In de vrijdagavonddienst (ontvangst van de sjabbat) wordt veel gezongen. Na een inleidend lied (jedid nèfèsj) worden de psalmen 95-99 gereciteerd of gezongen, en dan, staande, Psalm 29. Deze zes psalmen representeren de zes dagen van de week. Psalm 29 is een lied vol onrust en tumult, maar het laatste woord is sjaloom, vrede. Zo ga je van de onrust van alle dag naar de rust van de sjabbat.

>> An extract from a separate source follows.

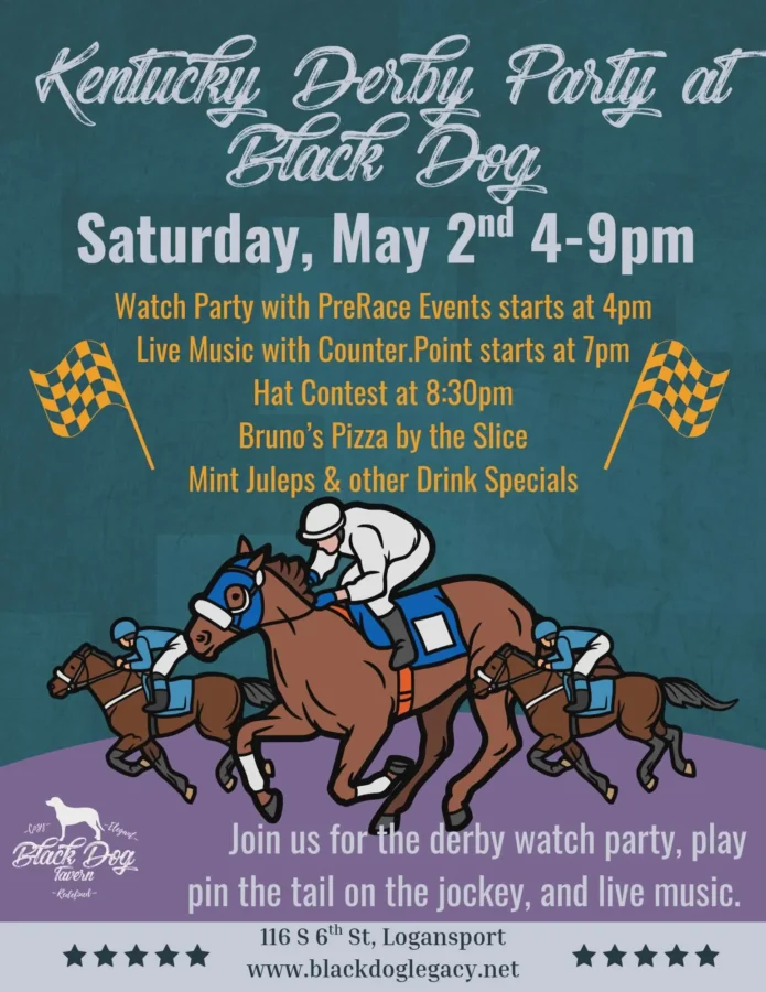 Get ready for Derby thrills at **Black Dog** on **Saturday, May 2nd**! We’re kicking things off at **4:00 PM** with a high-energy watch party featuring **Bruno’s Pizza** by the slice, ice-cold **mint juleps**, and exclusive drink specials. The party really moves when *Counter.Point* takes the stage for live music at 7:00 PM leading up to our big hat contest at 8:30 PM. From the first post to the final note, come eat, drink, and show off your best Derby style with us until 9:00 PM!

Na een hymne voor de verwelkoming van de sjabbat (lecha dodi) zingt en/of reciteert men nog Psalm 92 en 93.
Lofprijzing
Bij het ochtendgebed op zaterdagmorgen krijgt de lofprijzing extra accent met de psalmen 100 en 145-150. Ze worden op sjabbat en op feestdagen voorafgegaan door de psalmen 19, 34, 90, 91, 135, 136, 92 en 93. Indrukwekkend is het wanneer in de synagoge bij de grote feesten ‘het grote Hallel’ gezongen wordt, de psalmen 113-118.
Dat gebeurt trouwens ook in huiselijke kring. Hét voorbeeld hiervan is de viering van de seideravond. Dit is het begin van het joodse paasfeest. Er is een speciale liturgie, vastgelegd in de zogeheten haggada (Hebreeuws voor 'vertelling'), waarin onder andere over de uittocht van de Israëlieten uit Egypte wordt verteld. Dit gedeelte van de seider wordt aan tafel besloten met het zingen van de psalmen 113 en 114. Daarna volgt een feestelijke maaltijd. Na het zingen van Psalm 126 en het dankgebed worden de psalmen 115-118 en 136 gezongen.
Zichtbare verbondenheid
Als je de Siddoer, het joodse gebedenboek voor persoonlijke en synagogale gebeden, doorbladert, kom je de ene na de andere psalm tegen. Bijna de helft van de 150 psalmen heeft een plek gekregen in de joodse liturgie. In zijn voorwoord op de Nederlandse vertaling van de Siddoer schrijft Jitschak Dasberg: 'In de psalmen kan men voor alle gebeurtenissen in het menselijk leven een weerklank vinden, uitingen van Godsvertrouwen, van vreugde en van leed en van berusting daarin.’ Het zijn woorden die ook voor ons als christenen herkenning kunnen oproepen. Misschien kun je zelfs zeggen dat de unieke verbondenheid tussen kerk en synagoge nergens zo duidelijk zichtbaar wordt als in de omgang met de psalmen. Als we maar wel blijven beseffen dat we de psalmen niet overgenomen hebben van Israël, maar dat we ze met hen meelezen, meezingen en meebidden. Natuurlijk mag je je afvragen: wat betekent deze psalm voor ons, voor mij vandaag, in mijn omstandigheden? Maar de uitdaging is om het ‘ons’ en ‘wij’ in de psalmen wel zó te blijven horen dat ze niet van Israël losgezongen raken.
Spannende vragen
‘Jeruzalem, dat ik bemin, wij treden uwe poorten in, u Godsstad, mogen wij ontmoeten.’ Kun je dat zomaar op zondagmorgen zingen in bijvoorbeeld Zoetermeer? Is ‘Gods huis’ dan automatisch de kerk waarheen wij ‘opgaan’? Maar er staat Jeruzalem … Aan het begin van de dienst klinkt dat ‘Onze hulp is in de naam van de HEER die hemel en aarde gemaakt heeft en trouw is tot in eeuwigheid’. Het zijn woorden uit de psalmen. Wat zegt het ons als we ze horen in relatie tot Israël? En als een joodse vrouw Psalm 147 in onze berijming zou horen: ‘Hij bouwt de stad, door Hem verkoren, het volk in ballingschap verloren brengt Hij er samen ...’, zou zij dan automatisch aan hetzelfde denken als wij?
Het zijn spannende vragen. Maar ook belangrijke vragen als we écht het anti-judaïsme willen bestrijden en – voor zover het in onze macht ligt – de voedingsbodem daaraan onttrekken.